• [Given information]:

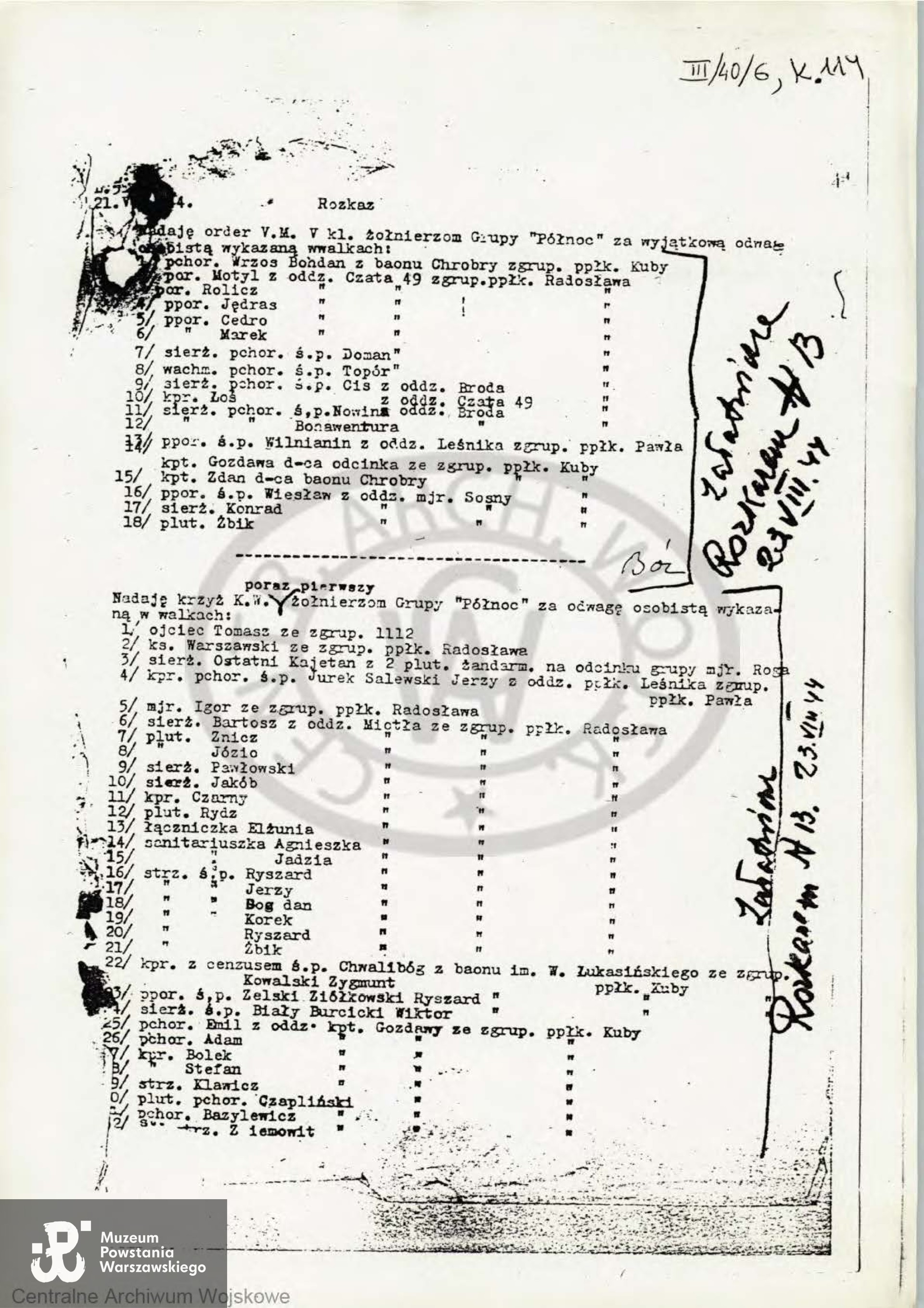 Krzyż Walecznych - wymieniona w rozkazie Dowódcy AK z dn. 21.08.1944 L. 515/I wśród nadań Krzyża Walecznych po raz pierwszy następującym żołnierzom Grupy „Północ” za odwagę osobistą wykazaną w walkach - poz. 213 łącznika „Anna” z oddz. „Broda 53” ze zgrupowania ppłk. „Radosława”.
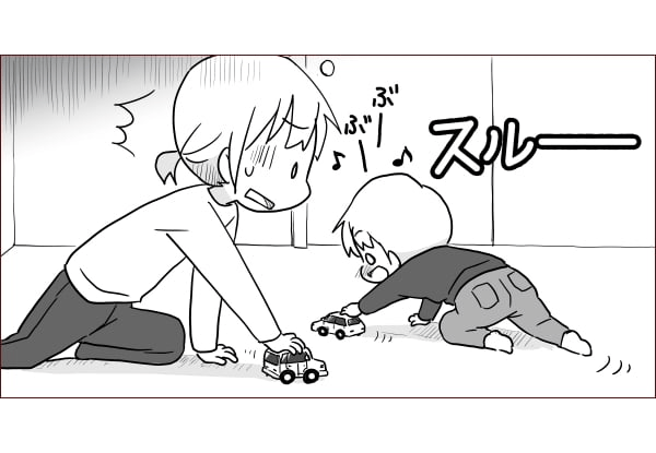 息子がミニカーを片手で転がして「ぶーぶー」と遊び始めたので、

* * *

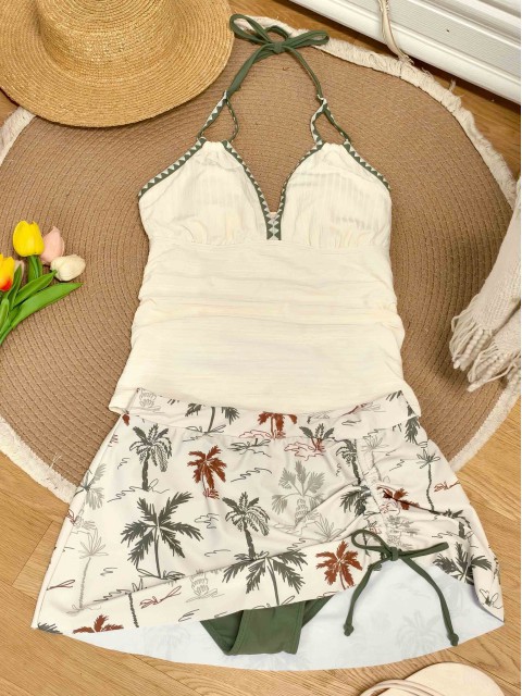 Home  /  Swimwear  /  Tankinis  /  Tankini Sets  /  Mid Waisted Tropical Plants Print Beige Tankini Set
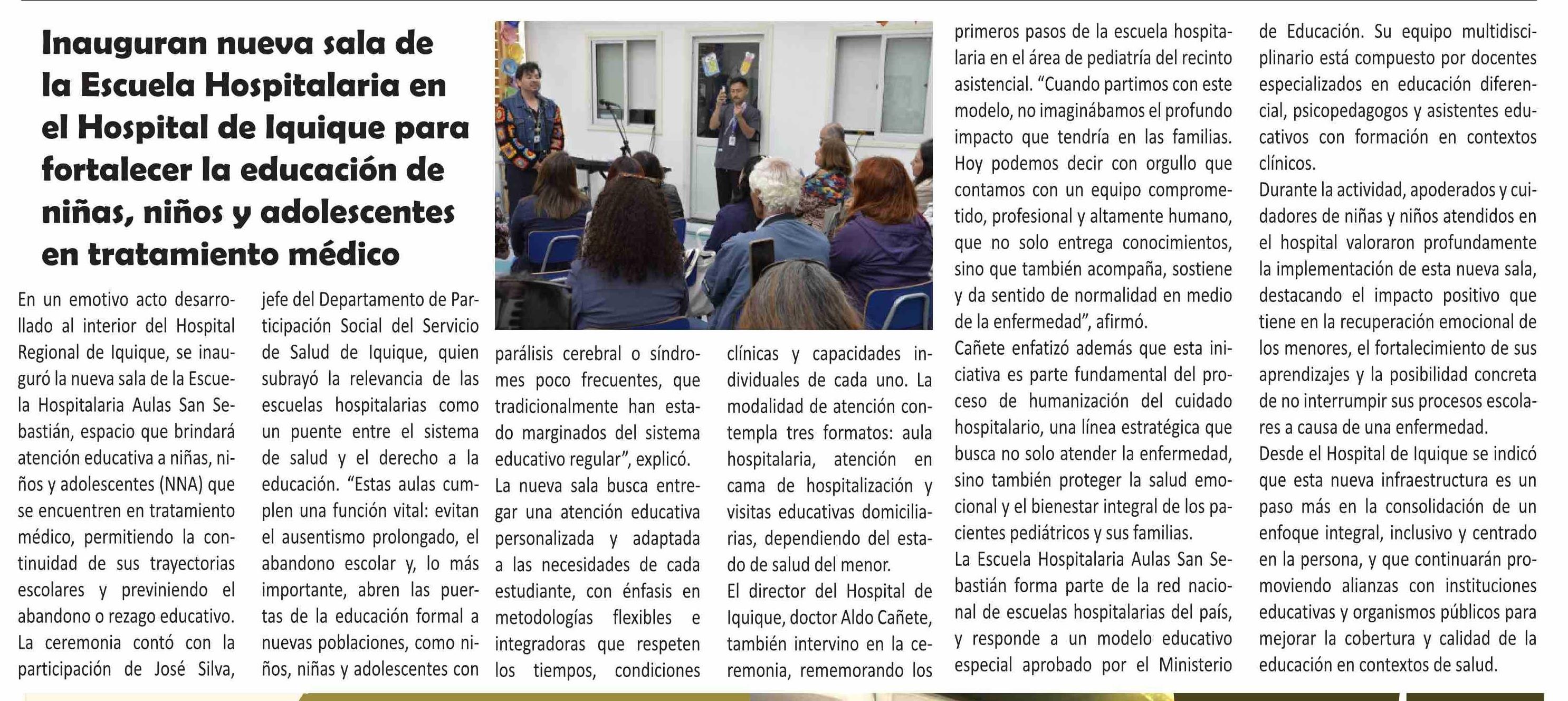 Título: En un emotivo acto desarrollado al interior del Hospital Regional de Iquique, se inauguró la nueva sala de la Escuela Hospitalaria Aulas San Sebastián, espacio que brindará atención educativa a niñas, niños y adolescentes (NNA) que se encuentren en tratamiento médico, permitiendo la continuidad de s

• [What to produce]:
Would you copy the lines above exactly, starting with the one that has "Krzyż Walecznych - wymieniona" and ending with the one that has "息子がミニカーを片手で転がして「ぶーぶー」と遊び始めたので、", both included, without the pictures?

• [Task response]:
 Krzyż Walecznych - wymieniona w rozkazie Dowódcy AK z dn. 21.08.1944 L. 515/I wśród nadań Krzyża Walecznych po raz pierwszy następującym żołnierzom Grupy „Północ” za odwagę osobistą wykazaną w walkach - poz. 213 łącznika „Anna” z oddz. „Broda 53” ze zgrupowania ppłk. „Radosława”.
 息子がミニカーを片手で転がして「ぶーぶー」と遊び始めたので、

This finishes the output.